"Since June this year, rats have been attacking farms in our village. We sow paddy seeds in the day and the rats eat them at night. The rodents have not spared maize either. It is a problem we are facing daily," a farmer in Falam Township, northern Chin state complained.
The most affected villages are Weibula, Mualzawl, Thlawrzawm, Ralum and Kawlfang in Falam Township.
Most of the farmers are frustrated and depressed while dealing with the rats that have destroyed almost all the crops such as paddy and maize in farms on hillsides. The people in the five villages are in a hopeless situation in terms of cultivation this year.
A farmer in Falam Township said "The situation is now out of control though the villagers kill around one hundred rats a night".
The rats destroying crops in this areas follows the famine like situation caused by rats in the other areas of Chin state leaving the people staring at starvation.

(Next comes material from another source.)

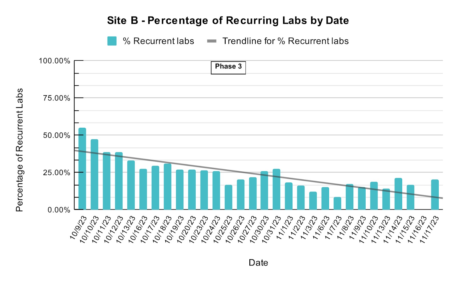 Methods: Our primary endpoint was to reduce the number of common labs ordered on the inpatient medicine services per patient by 10% over six months. Our process measure was the percent of inpatients with recurrent lab orders (labs ordered for multiple days). We created a “recurrent labs” flag in the electronic health record (EHR), audited patient charts five times a week, and provided feedback to the teams. We also queried the EHR for the total numbers of the most common venous blood studies. These included CBC, BMP, CMP, LFTs, PT/INR, APTT, Magnesium, Phosphorus, and T+S. The study was divided into three phases: Phase 1 (Jan. 3-20, 2023) established baseline data. Due to the low percentage of recurrent labs being ordered on the non-teaching service, we focused on the teaching service, where rates were much higher. Phase 2 (Jan. 20 – Oct. 4, 2023) combined chart audits, team feedback, and educational sessions for residents, advanced practice practitioners, and hospitalists to emphasize the principles of effective lab stewardship. We distributed mouse pads, chocolates, and handouts with a QR code linked to an intranet site outlining the initiative. During phase 2 we also surveyed the house staff anonymously to assess barriers in reducing recurring lab orders. Phase 3 (starting from Oct. 9, 2023) broadened the aforementioned interventions to a second site (Site B) and introduced incentives for the team with the fewest recurring lab orders over each two-week period.
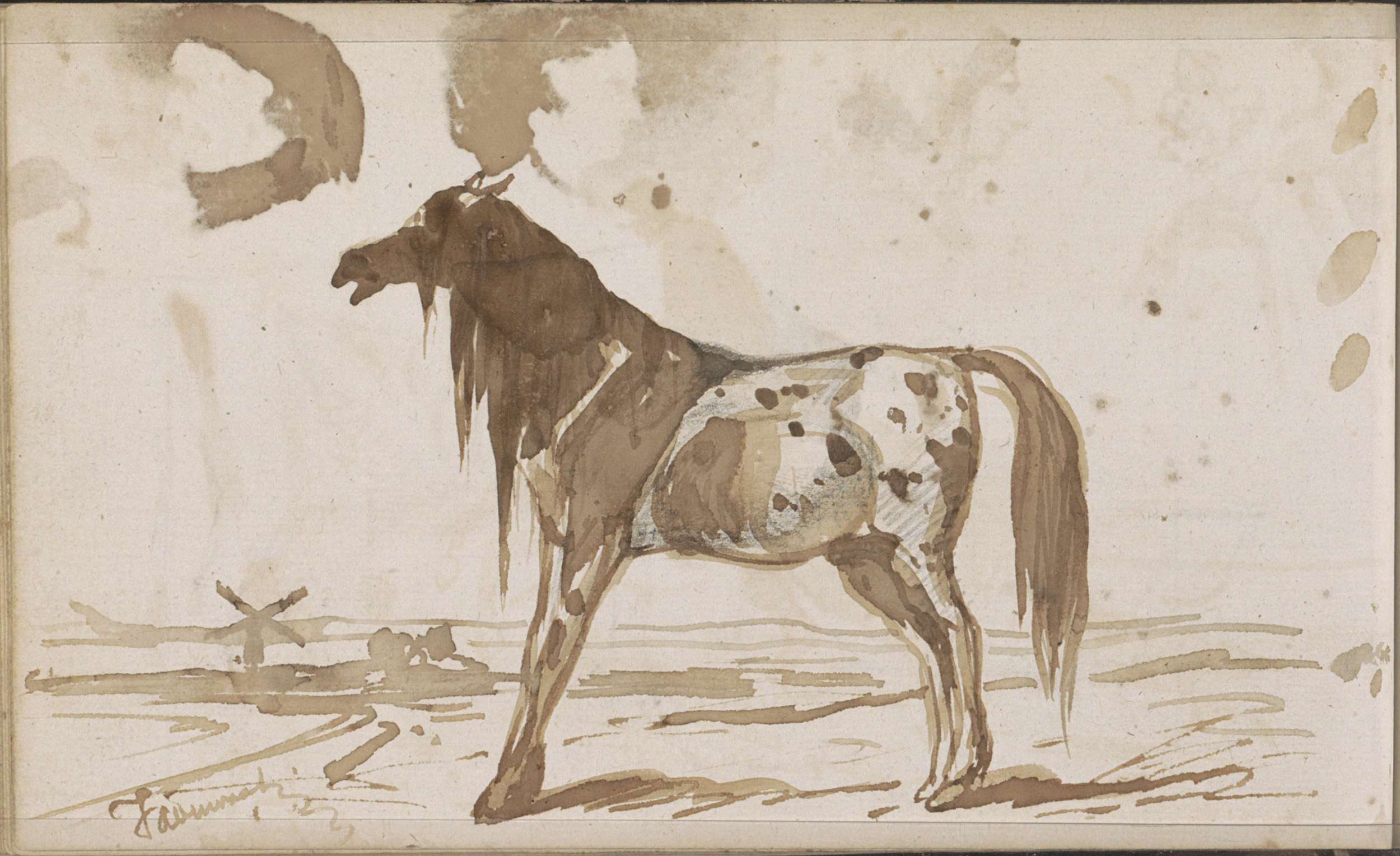 Vlak landschap met een paard

According to the Chin Human Rights Organization, there are no less than 100,000 Chin people who are directly affected by shortage of food in Chin state.
The proliferation of rats is in the farms near dense bamboo forests.
Meanwhile, the villagers have lambasted the Burmese military regime in Chin state saying that the local authorities had not adopted any measures to check multiplication of rats.
The regime turned a blind eye to the grave problem that its people are facing but have instead imposed restrictions on religious organisations and other Non Governmental Organisations which have been assisting with relief materials in the affected areas.
Bamboo flowers bloom once in around 50 years when the life cycle of the bamboo comes to an end. The flowers which the rats eat leads to increased fertility in rats and they begin to multiply and eat crops leading to a famine in Chin state.
Bamboos, which grow naturally along the Indo-Burma border areas, started blooming in 2006.